Но было поздно. Оксана аж посерела лицом и сказала:
— Какой же ты бываешь все-таки... мерзостный! Ладно, иди домой. Пальто твое почти что просохло.
С тех пор я ее не видел.
И вот Оксана идет прямо на нашу сторону! Даже через улицу я вижу, какие огромные и бешеные у нее глаза.
То, что она делает, было слишком вызывающим. Она идет прямо в наше логово, и пощады ей здесь не будет. Может произойти что-нибудь дикое. Опомнившись, сзади готовы кинуться на нее те два охламона...
Не мешкая больше, я пронзительно засвистел, как на всю школу умел свистеть один я, заорал «Полундра!» — для понта, чтобы отвлечь внимание на себя, — и бросился к ней.
Всяк мог понимать мои намерения, как ему нравилось или как уж там хватало ума. И пока те двое чухались на полпути, соображая, чего я хочу, я был рядом и как следует съездил по соплям первому, который подвернулся.
Тот сразу же утерся, а второй растерянно захлопал глазами; оба они из параллельного класса, два дружка, но меня они всегда боялись, и дружба их тоже была какая-то бздиловатая.
Но это вовсе не означало, что Оксана была теперь вне опасности. Я знал, что в заваруху непременно поазартится вмешаться еще кто-нибудь из огольцов. Когда пацан пацану бьет морду из-за девчонки — такое слишком, на чей угодно взгляд.
И точно: между мною и Оксаной встал потрох по прозвищу Долдон, второгодник из восьмого, мой давнишний враг — ну, тот, который когда-то меня ошмонал, а после мы его с ребятами здорово-таки отметелили, которого я еще в газету хотел продернуть, когда он сачковал на выколке дров. И, хотя был куда здоровее меня — фитиль такой, долговязина, — он было припух, но всего того, конечно, не забыл.
Долдон, видимо, никак не мог решить, с чего ему начать: наброситься ли сразу на меня или сначала привязаться к Оксане. Он поглядывал то на нее, то на меня, поигрывая плечиками, давая понять, что сейчас что-то будет. Но дурак — так он и есть дурак: он встал мне раз под левую руку, мою любимую, и я, не дожидаясь, покуда он объявится, с оттяжкой влепил ему точнехонько по хрусткому носу.
Пока он промаргивался, я отскочил, чтобы выяснить, нет ли кого за спиной, и приготовиться к ответной атаке. Долдон мог быть не один, а единственным таким ударом его не проймешь.

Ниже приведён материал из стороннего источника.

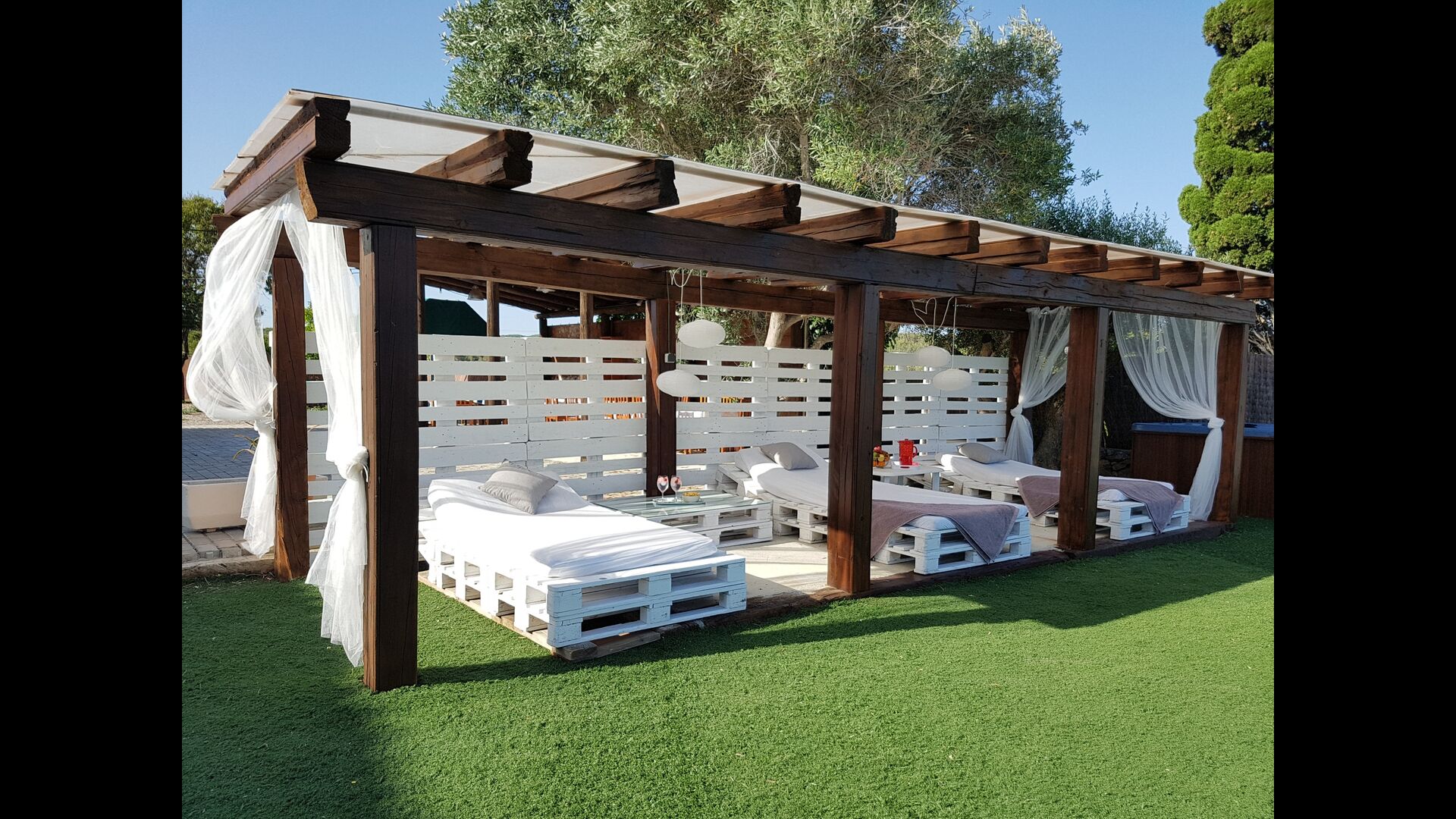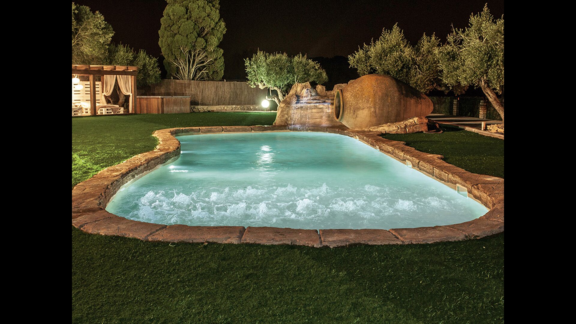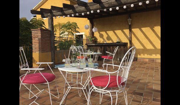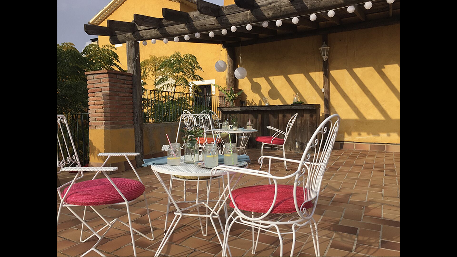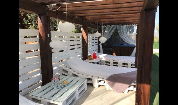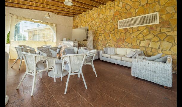 Feriehusets udendørs område består af mere end 4000 kvadratmeter deriblandt en kæmpe tagterrasse på 120 kvadratmeter. Tagterrassen har en fantastisk panoramaudsigt over området, hvor bjergkæden Garraf kan ses i den fjerne baggrund. Det er det perfekte sted til at nyde de varme sommer aftener med et glas vin fra den lokale vinmark. Der er også et skønt chill-out område lige ved siden af den fantastiske pool. Området har overdækket solsenge og borde, hvor man kan ligge og slappe af og nyede det varme vejr. Der er også veranda med en jacuzzi, som har plads til op til 4 voksne! Vi forestiller os, at du vil tilbringe masser af din tid her.

Тут я увидел, что от ворот на дорогу бежит Мамай, за ним трое оглоедов, и тяжело, как танк, в мою сторону разворачивается Витька Бугай.
Неужели Мамай на меня?.. — подумал я.
И вдруг, вспомнив про пистолет, холодно решил: если они полезут на меня всем скопом — стреляю.
Для начала хотя бы в воздух — авось осекутся. А не осекутся — пускай уже и сейчас молятся. В обойме как-нибудь семь патронов — как у взаправдашнего.
Один — в молоко, остальные...
Я сунул руку в правый карман и стал ждать.
Не добежав до нас, Мамай остановился, поглубже натянул на голову шлем и, по-блатному зашмыгав носом, пошел на Долдона, единым дыхом сказав:
— Сукаотвалиатопастьпорву!
Огольцы, бежавшие за Мамаем, оторопело остановились тоже. Остановился Бугай, заулыбался, словно его такой оборот совершенно устраивал. Оторопел и Долдон: против нас с Мамаем вдвоем ему было явно непросвет, а еще не считано было, кто из пацанов на нашей, кто на его стороне.
Он заприкладывал руку к ушибленному носу и забубнил просящим голосом:
— Чего вы, чего вы, ребя?.. Я же ничего...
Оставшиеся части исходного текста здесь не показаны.